Determining body composition in adults
- George A Bray, MD
George A Bray, MD
- Boyd Professor Emeritus, Pennington Biomedical Research Center/Louisiana State University
- Professor of Medicine Emeritus, Louisiana State University Health Science Center
- Leigh Perreault, MD
Leigh Perreault, MD
- Associate Professor of Medicine
- University of Colorado Anschutz Medical Campus
- Associate Professor of Epidemiology
- Colorado School of Public Health
Methods for determining body composition continue to improve, greatly increasing the accuracy and ease of making these measurements [1-4]. Certain measurements, such as height, weight (to calculate body mass index [BMI]), and waist circumference are the minimal clinical criteria for evaluating the overweight patient.

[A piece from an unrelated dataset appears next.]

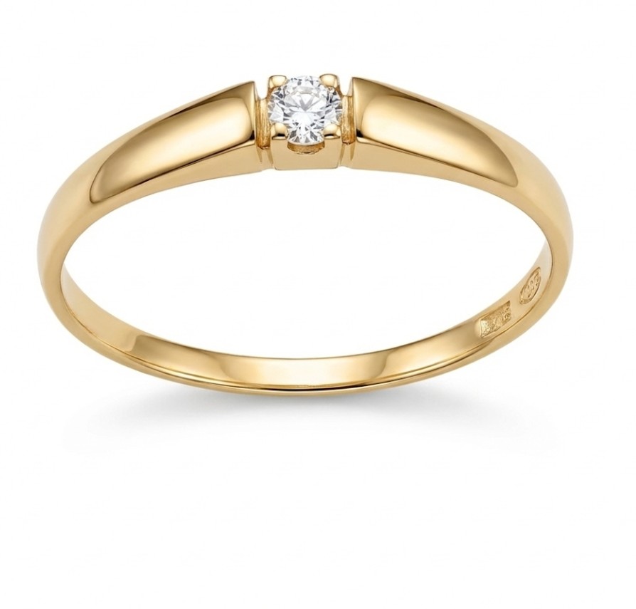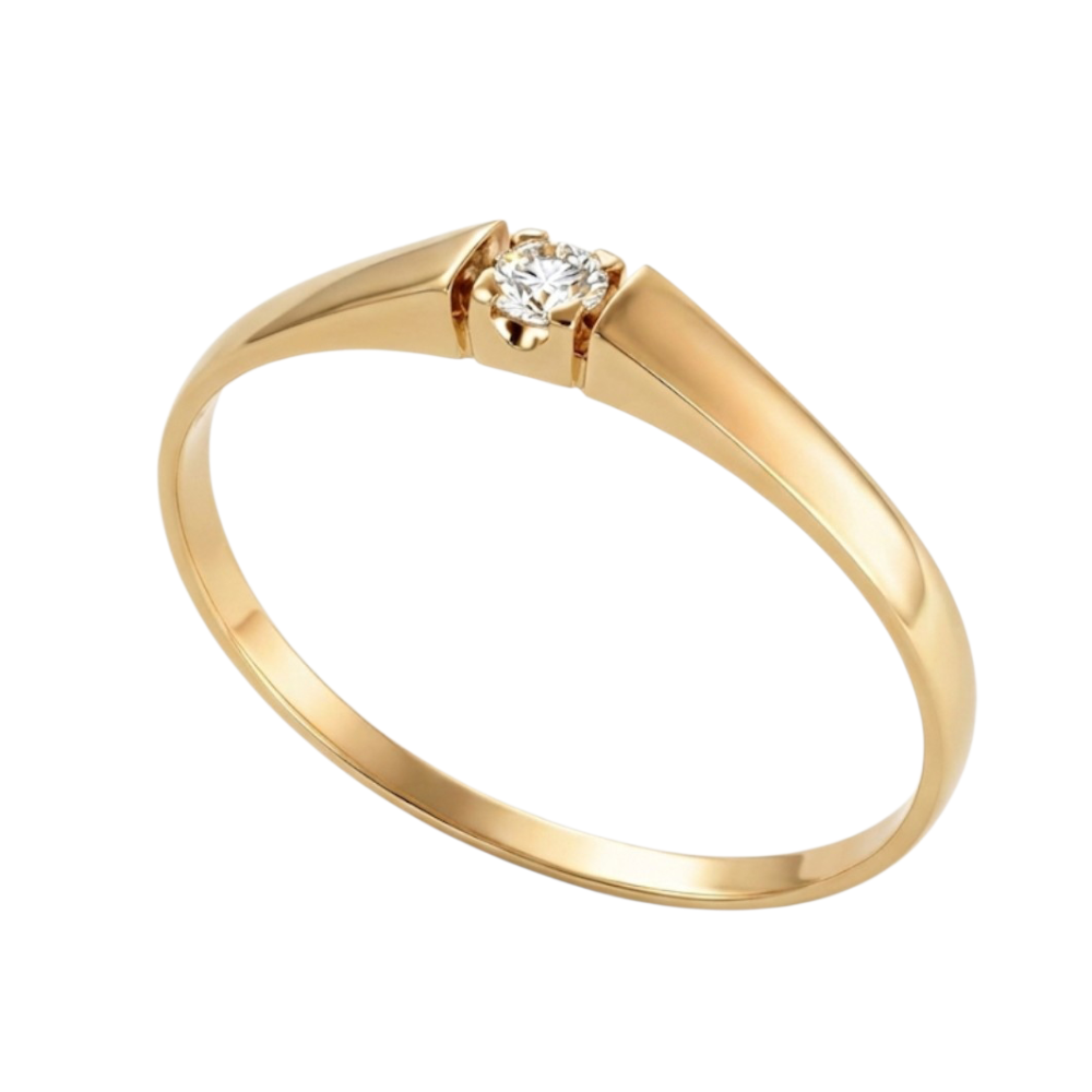 Kotimainen 14K kultainen timanttisormus, jossa yksi 0,05 ct timantti
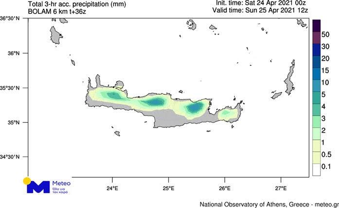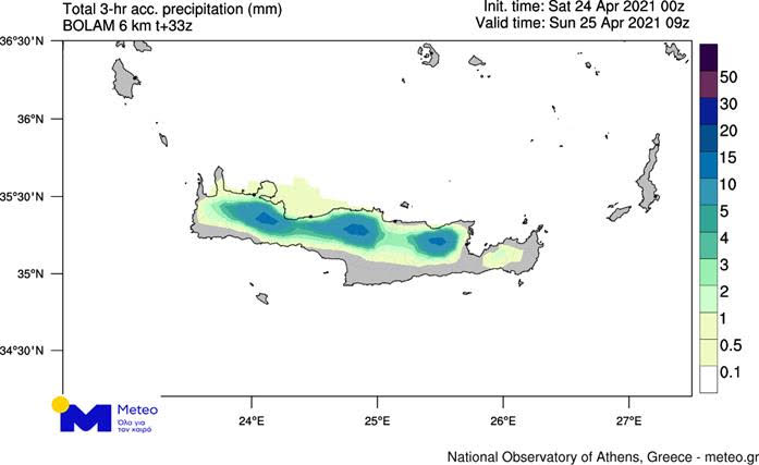 Την Κυριακή των Βαΐων όμως το σκηνικό του καιρού θα αλλάξει και στην Κρήτη, με αρκετές βροχές. Οι χάρτες που ακολουθούν δίνουν στιγμιότυπα από τα προβλεπόμενα ύψη βροχής την Κυριακή (πρωϊνές και πρώτες μεσημβρινές ώρες).

This topic will review body composition and critique most methods available for its measurement. Other considerations when evaluating the overweight patient are discussed elsewhere. (See "Obesity in adults: Prevalence, screening, and evaluation".)
WHY MEASURE BODY COMPOSITION?
When considering health and disease, body weight is not nearly as important as the composition of that weight. Body weight reflects the combined weight of all the body's tissues, while body composition measures the relative proportions of fat and lean mass in the body. Lean mass refers to bones, tissues, organs, and muscle.
Measurements of body composition are most commonly done for research purposes. However, body composition measurements may also be useful in a number of clinical settings to:
●Evaluate undernourished patients.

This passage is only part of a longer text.